▶ **Data records**:
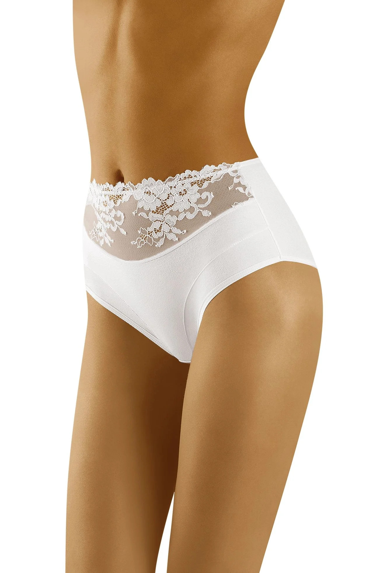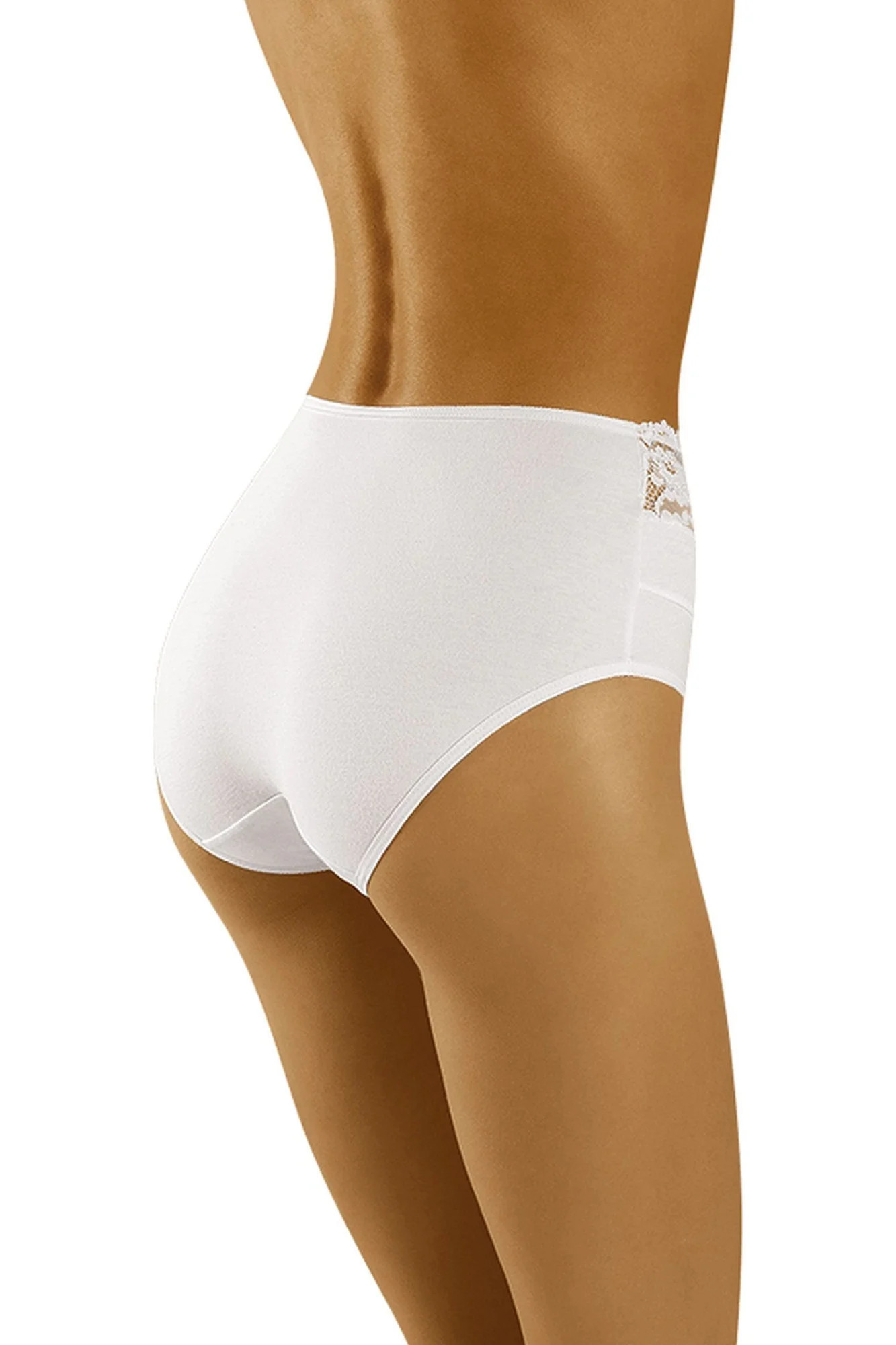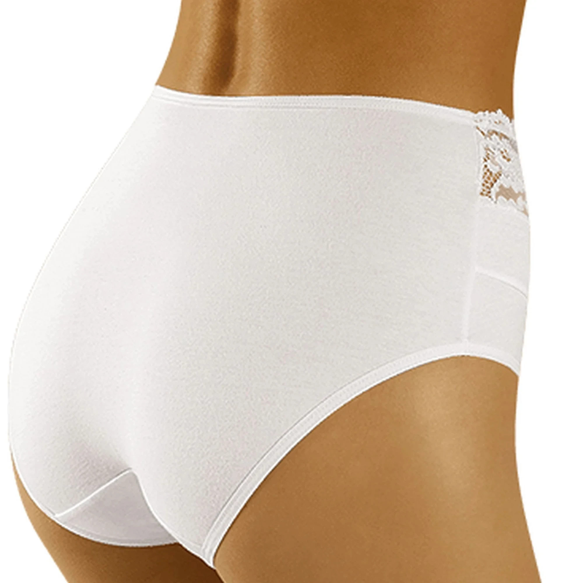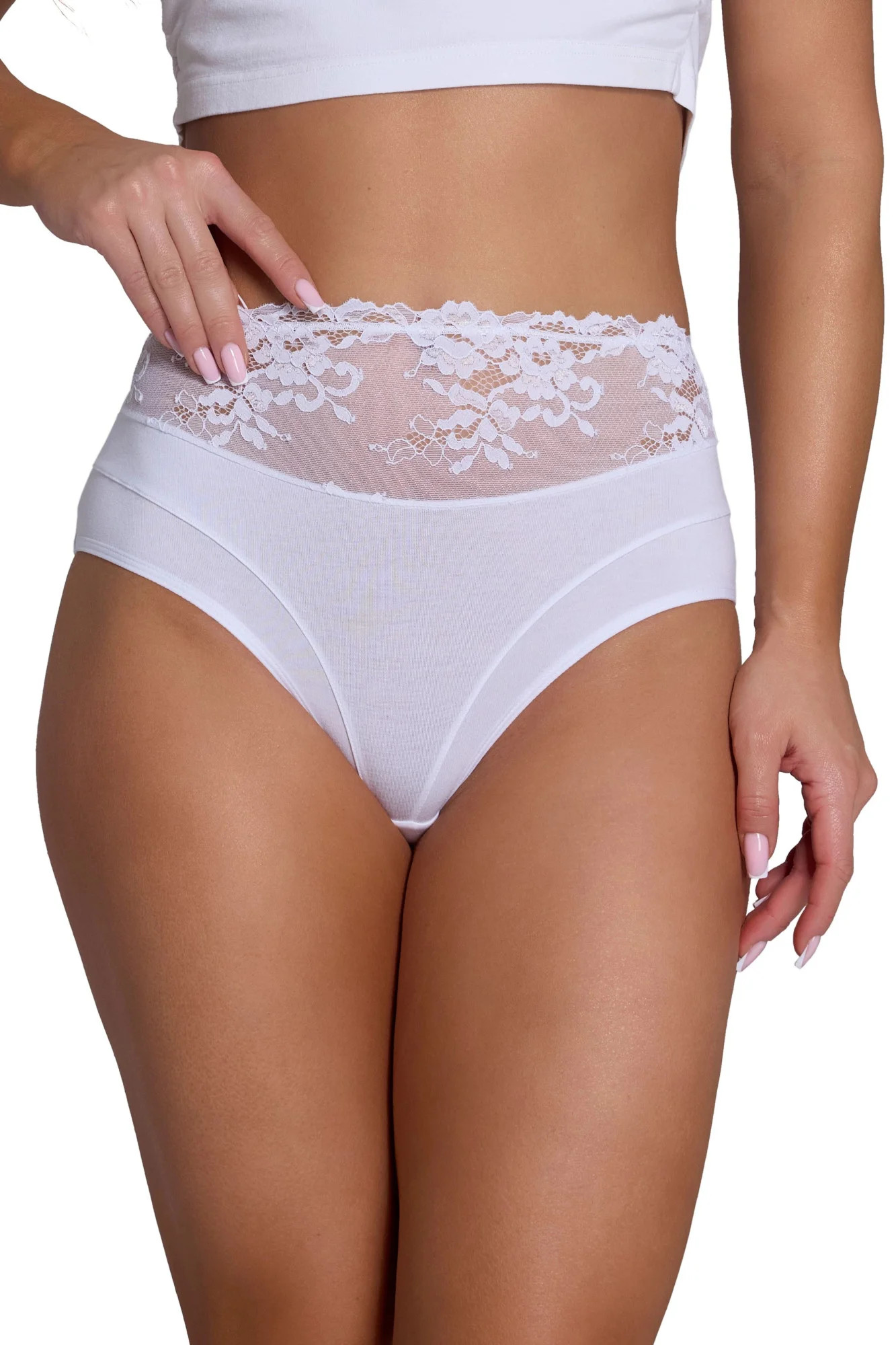 Dámské kalhotky Eco-HI Wol-bar - bílá barva - z vysoce jakostní bavlny - vyšší pas - pas zdobený krajskou s květinovým motivem - zadní část je hladká
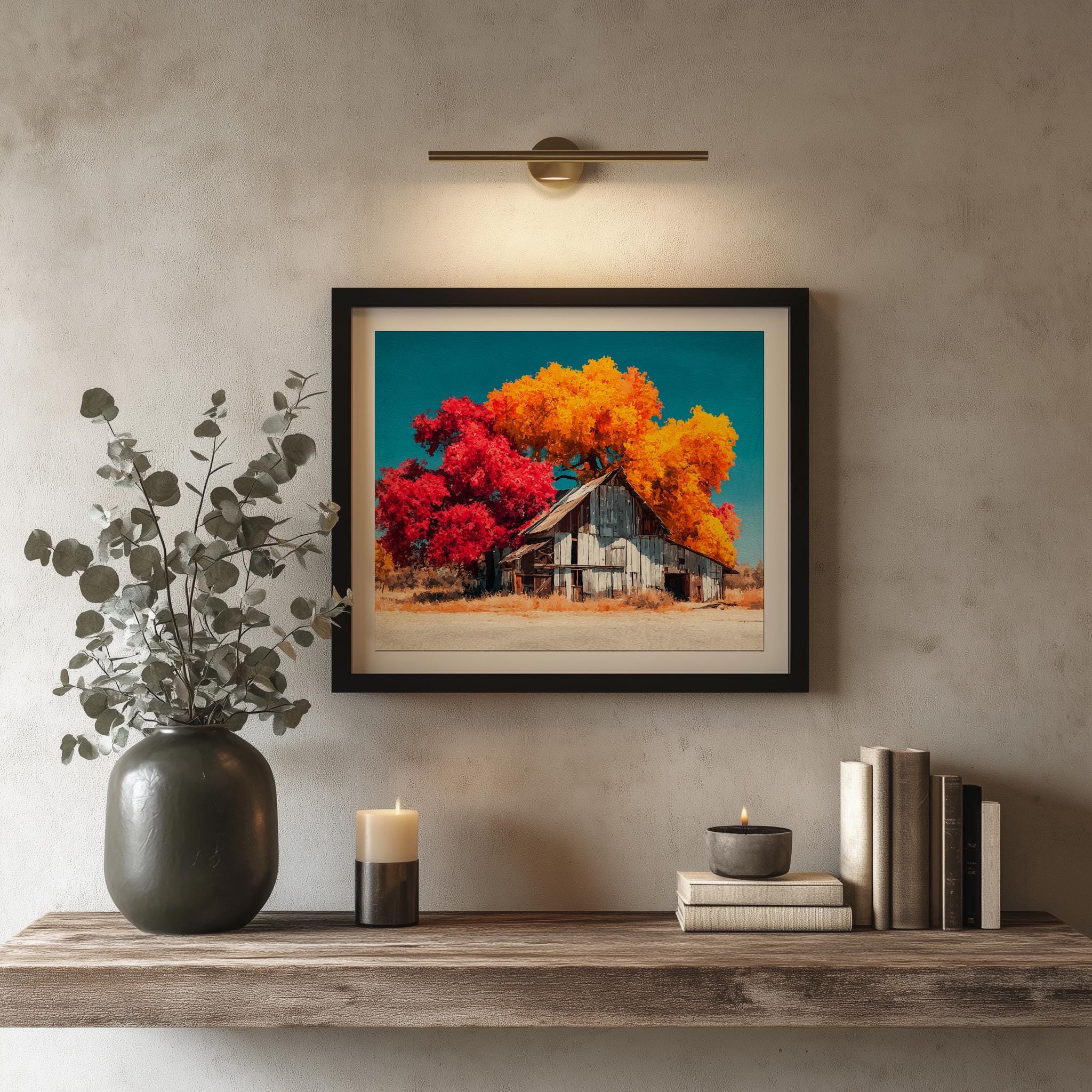 Rustic Barn Autumn Landscape Print: Vintage Cottagecore Wall Art (Digital Download))
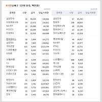 메리츠종금증권 대우건설 두산인프라코어 한진해운 삼성중공업 SK네트웍스 대우조선해양 SK증권 미래산업 현대건설 한화케미칼 삼성엔지니어링 대우증권 KODEX 200 흥하해운 SK하이닉스 신풍제약 현대산업 LG전자 삼성SDI LG디스플레이 GS건설 우리종금 오리엔트바이오 페이퍼코리아 S-Oil 팬오션 NH투자증권 영진약품 포스코대우 한화생명 GKL BNK금융지주 두산중공업 호텔신라 한솔홀딩스 기아차 SK이노베이션 POSCO 현대증권 미래에셋증권 우리은행 한온시스템 한화투자증권 OCI 동양철관 삼성물산 현대차 삼성증권 LG유플러스 삼성전기 현대제철 한국전력 동국제강 화신 삼익악기 세아베스틸 금호타이어 아시아나항공 유진투자증권 대한전선 디아이 쌍용차 신성통상 IHQ 제일기획 서원 파미셀 하이트진로 현대위아 아남전자 한진칼 한전KPS 동양 금호석유 무림P&P 하나투어 JB금융지주 대원전선 조일알미늄 DGB금융지주 기업은행 락앤락 대덕GDS 한솔홈데코 에이블씨엔씨 KB금융 세우글로벌 LG상사 하나금융지주 두산엔진 쌍용양회 GS리테일 신한지주 보해양조 LG이노텍 서연 한화테크윈 슈넬생명과학 한국가스공사
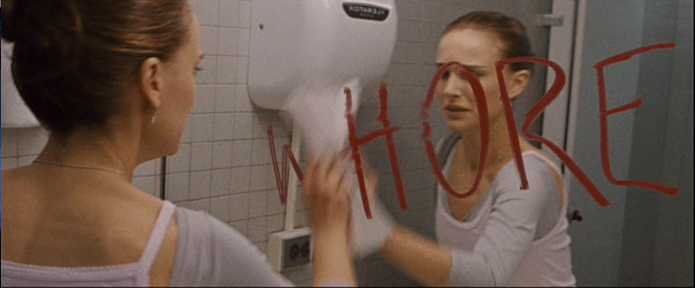 Esse estereótipo é visto em Cisne Negro (2010), o mais famoso dos filmes balletcore. Nina (Natalie Portman) é vista como uma “vadia” por ter conseguido o papel principal, sofrendo retaliação de outras bailarinas.
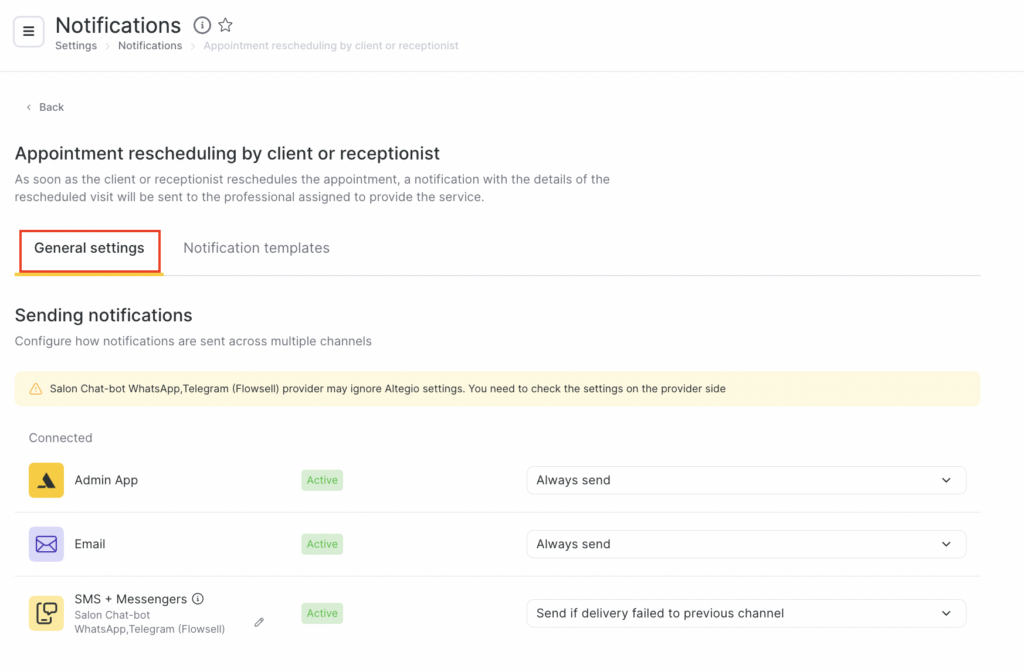 - On the General settings tab, configure how notifications will be sent via multiple channels. For more details about multi-channel notification scenarios, see the article. Available channels:

▶ **Problem requirements**: Write the records above out again word for word, skipping each picture.

▶ **Task solution**:
 Dámské kalhotky Eco-HI Wol-bar - bílá barva - z vysoce jakostní bavlny - vyšší pas - pas zdobený krajskou s květinovým motivem - zadní část je hladká
 Rustic Barn Autumn Landscape Print: Vintage Cottagecore Wall Art (Digital Download))
 메리츠종금증권 대우건설 두산인프라코어 한진해운 삼성중공업 SK네트웍스 대우조선해양 SK증권 미래산업 현대건설 한화케미칼 삼성엔지니어링 대우증권 KODEX 200 흥하해운 SK하이닉스 신풍제약 현대산업 LG전자 삼성SDI LG디스플레이 GS건설 우리종금 오리엔트바이오 페이퍼코리아 S-Oil 팬오션 NH투자증권 영진약품 포스코대우 한화생명 GKL BNK금융지주 두산중공업 호텔신라 한솔홀딩스 기아차 SK이노베이션 POSCO 현대증권 미래에셋증권 우리은행 한온시스템 한화투자증권 OCI 동양철관 삼성물산 현대차 삼성증권 LG유플러스 삼성전기 현대제철 한국전력 동국제강 화신 삼익악기 세아베스틸 금호타이어 아시아나항공 유진투자증권 대한전선 디아이 쌍용차 신성통상 IHQ 제일기획 서원 파미셀 하이트진로 현대위아 아남전자 한진칼 한전KPS 동양 금호석유 무림P&P 하나투어 JB금융지주 대원전선 조일알미늄 DGB금융지주 기업은행 락앤락 대덕GDS 한솔홈데코 에이블씨엔씨 KB금융 세우글로벌 LG상사 하나금융지주 두산엔진 쌍용양회 GS리테일 신한지주 보해양조 LG이노텍 서연 한화테크윈 슈넬생명과학 한국가스공사
 Esse estereótipo é visto em Cisne Negro (2010), o mais famoso dos filmes balletcore. Nina (Natalie Portman) é vista como uma “vadia” por ter conseguido o papel principal, sofrendo retaliação de outras bailarinas.
 - On the General settings tab, configure how notifications will be sent via multiple channels. For more details about multi-channel notification scenarios, see the article. Available channels:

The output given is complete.